Tuesday, 9 January 2018
Exhibit Hall 3 (ACC) (Austin, Texas)
The United States has experienced a large increase in the frequency and intensity of extreme precipitation events over the past 50 years. At the same time, both the globe and the U.S. have warmed substantially, most likely due to increases in greenhouse gas concentrations. This warming has been accompanied by global increases in atmospheric water vapor. In theory this should increase the capacity of the atmosphere to produce intense precipitation. The objective of this study is to determine whether atmospheric water vapor increases are contributing to the upward trend in extreme precipitation. The specific question is whether the water vapor conditions in the temporal and spatial vicinity of historical extreme events have been changing. While water vapor is increasing globally, this does not necessarily mean that it is increasing during the small subset of times and places of the occurrence of extreme precipitation.

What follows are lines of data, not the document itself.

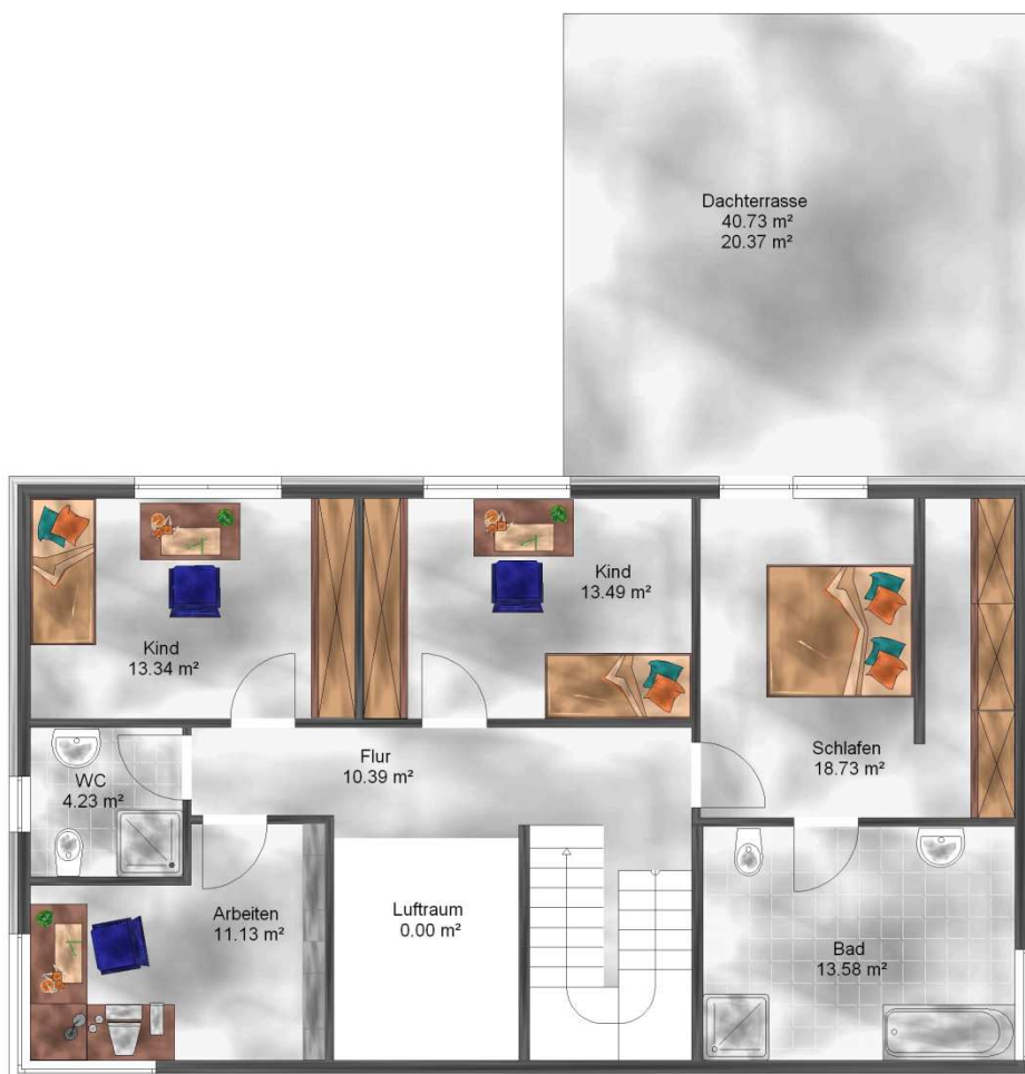
Abbildung enthält Sonderleistungen
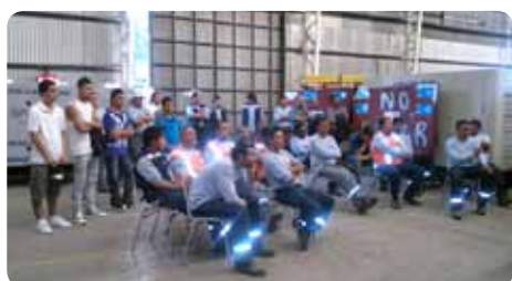
Trabajadores en plena capacitación.

Ya no es requisito para entrar a determinada empresa sólo un título universitario y un postgrado, sino también que el trabajador esté constantemente capacitándose para que tenga un eficaz rendimiento laboral.
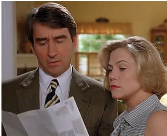
1994 SERIAL MOTHER (Serial Mom) de John Walters avec Kathleen Turner
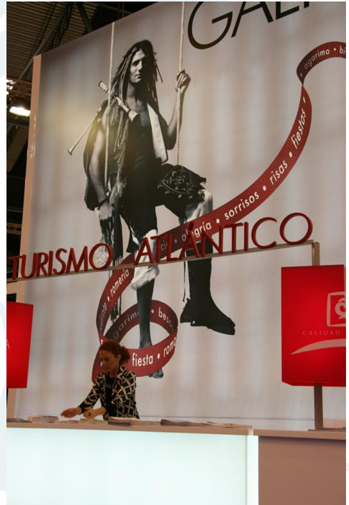
Imagen del Turismo de Galicia en la pasada edición de FITUR.

Así, por ejemplo, el día 30 de enero están previstas la presentación de Vigo como ciudad aspirante a la organización de la Universiada 2013; la promoción turística de O Salnés a través de
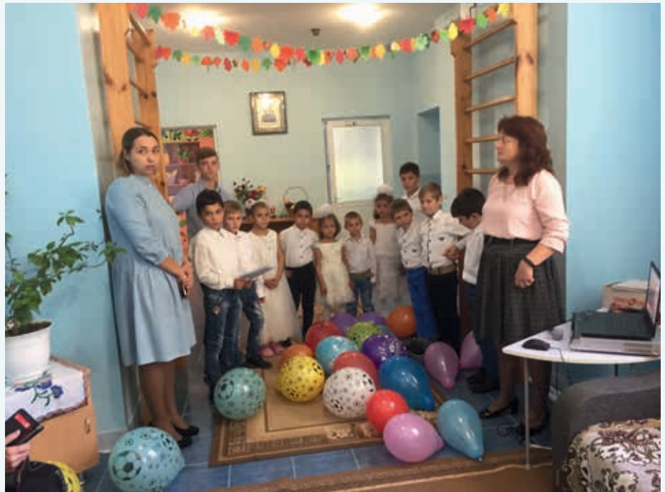
BARNEHJEM: SI Stefan Voda støtte dette barnehjemet.

«Vi fikk møte noen av de 13 voksne damene som hadde deltatt, og hørte at prosjektet hadde gitt positive effekter for flere eldre,» sier Berit.
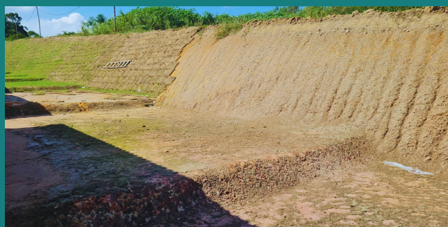
Obra de loteamento para PETRINA
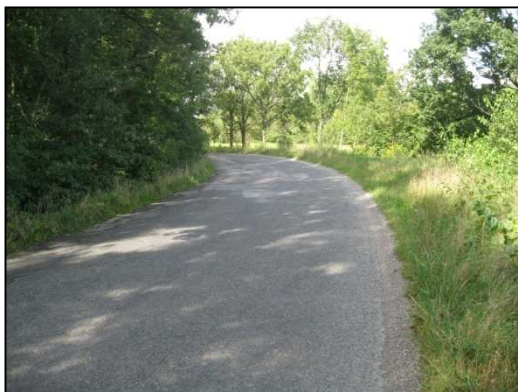
Obr.č.23. Konec úseku na východní straně
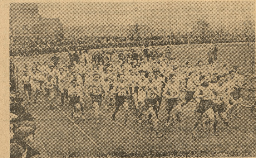
Gremialny udział juniorów, wykazał wielkie zainteresowanie biegiem

by w momencie rozpoczęcia biegów przełajowych osiągnąć ilość ponad 12 tysięcy osób! Rekord rzadko notowany na zawodach z przewagą konkurencji i. a. A dodać należy, że wokół trasy biegów przełajowych, pod względem porządkowym wzorowo pilnowanych przez Milicję Obywatelską oraz harcerzy III Hufca pod komendą pfc Matysika, zebrało się co najmniej drugie tyle widzów. Nie przesadzimy twierdząc, że ponad 25 tysięcy osób o-
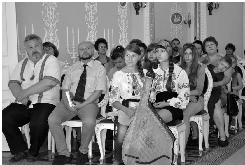
Рис. 2. Захід з нагоди Конотопської битви, 27 липня 2014 р.

ЗОШ розробив інтерактивну екскурсію-груемМузею археології Батурина «Музейні історії для найменших». Цікавинкою екскурсії стала можливість для дітей відчутися справжнім археологом: під керівництвом музейного педагога покопирсатися у «скрині скарбів», де у піску задалегідь підготовлені дрібні археологічні знахідки із відвалів розкопів. Щасливому «шукачу скарбів» дозволяється взяти знахідку з собою як сувенір. Наприкінці розповіді, адаптованої до психологічних і вікових особливостей дітей, екскурсивод роздає дітям домашнє завдання – розмалювати на відповідну тематику, щоб закріпити отримані знання.
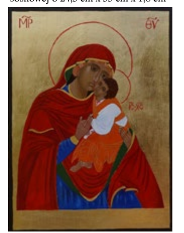
Matka Boska Łopieńska Dobrej Miłości Bieszczadzka
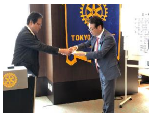
表彰式：会員増強賞
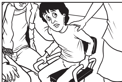
4. Smeštanje u stolicu
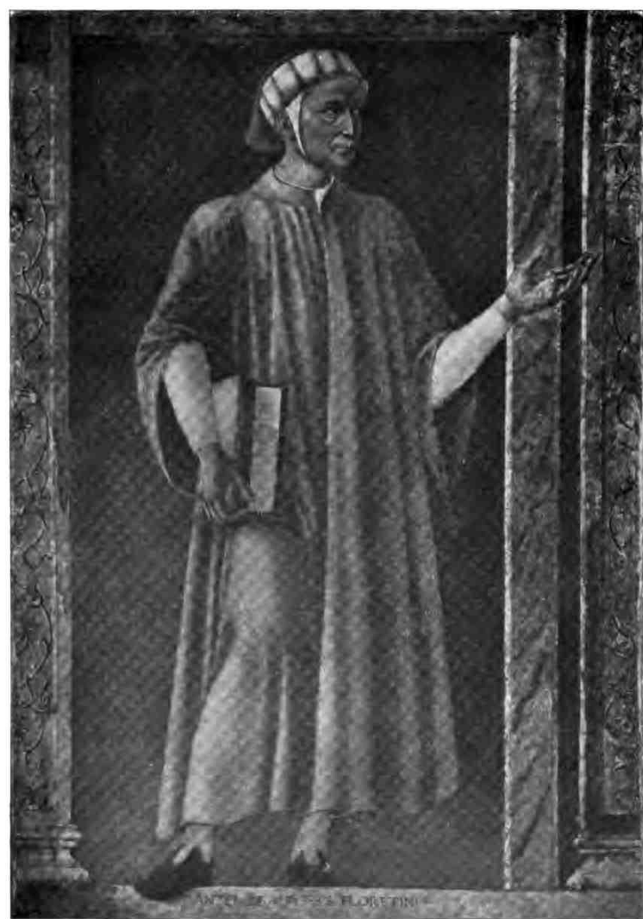
Д А Н Т Е.

(Firenze. Museo Nazionale. Ritratto di Dante Allighieri, Giotto, 1266—1337).

Analysis of over 3,000 Cooperative Observer stations for the period of 1949-2013 produced a dataset of heavy precipitation events exceeding thresholds for a variety of recurrence intervals and durations. An initial analysis focused on daily events exceeding a 5-year average recurrence interval for the period of 1970-2013 (when higher quality radiosonde data are available). This analysis focused on the northeastern United States, which has experienced the largest increase in extreme precipitation. For each extreme event, the water vapor environment was characterized by the precipitable water measured on that day from the nearest Integrated Global Radiosonde Archive (IGRA) observation. Initial results indicate an increase in water vapor associated with extreme precipitation events. Recent events have occurred in a moister environment than events in the earlier part of the period of analysis. Work continues, and results for multiple regions and multi-day events will also be presented.